_Supplied material_:
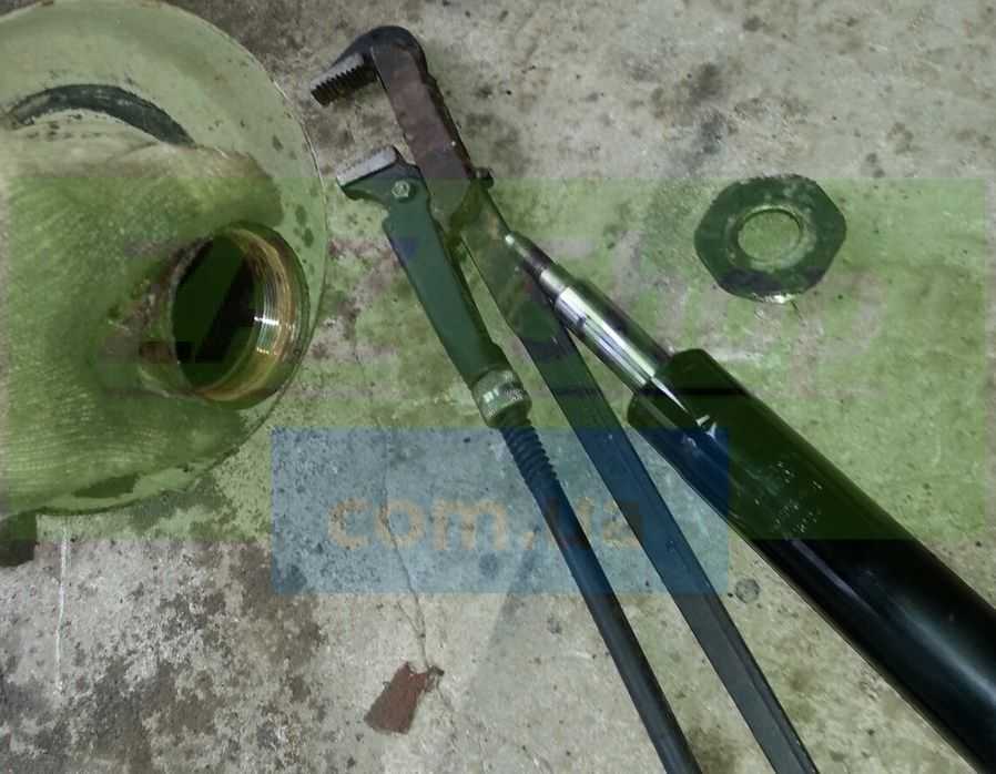 - Откручиваем крышку стойки. Для этого нужно стойку зафиксировать в тисках. Саму крышку удастся выкрутить только трубным ключом.
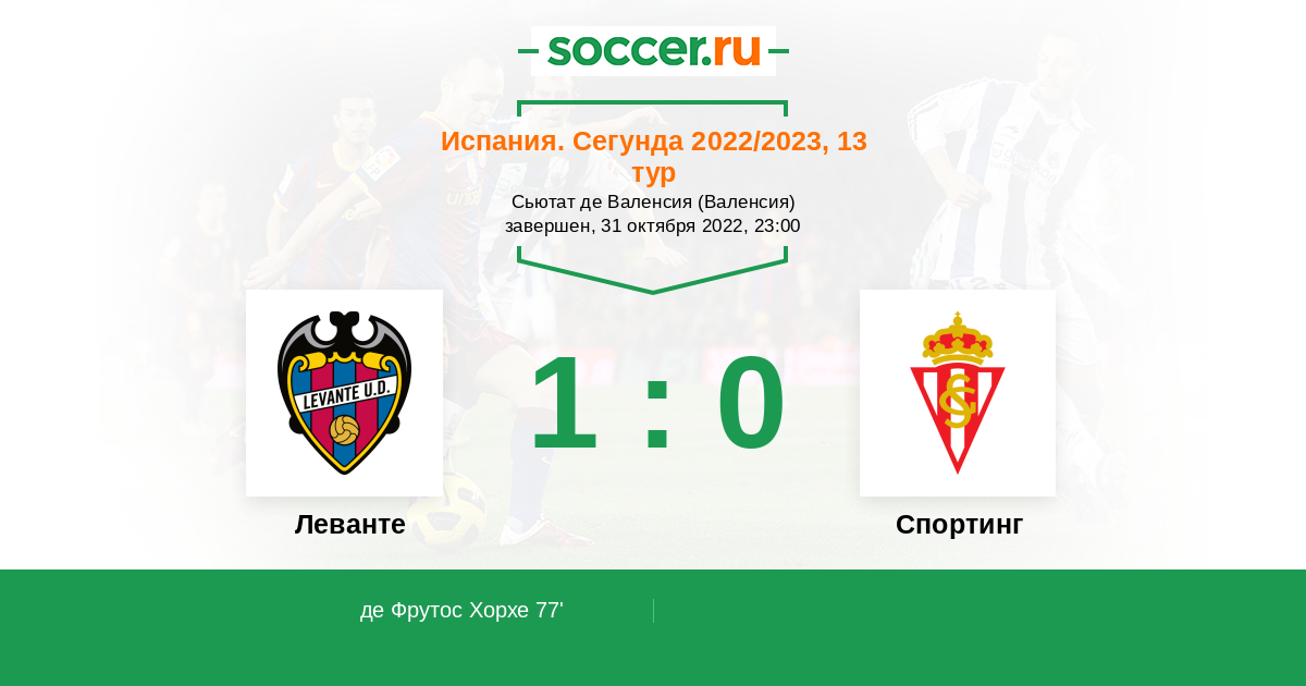 Протокол матча Леванте против Спортинг
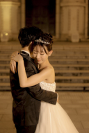 東千田公園でメインの建物の前で立ち姿を撮りました。色味もコンクリート素材が大人っぽい、落ち着いた2人の雰囲気にとてもマッチングしていました!

_Goal of the exercise_:
Give the listing above again in its entirety, exactly as written and free of images.

_Response area_:
 - Откручиваем крышку стойки. Для этого нужно стойку зафиксировать в тисках. Саму крышку удастся выкрутить только трубным ключом.
 Протокол матча Леванте против Спортинг
 東千田公園でメインの建物の前で立ち姿を撮りました。色味もコンクリート素材が大人っぽい、落ち着いた2人の雰囲気にとてもマッチングしていました!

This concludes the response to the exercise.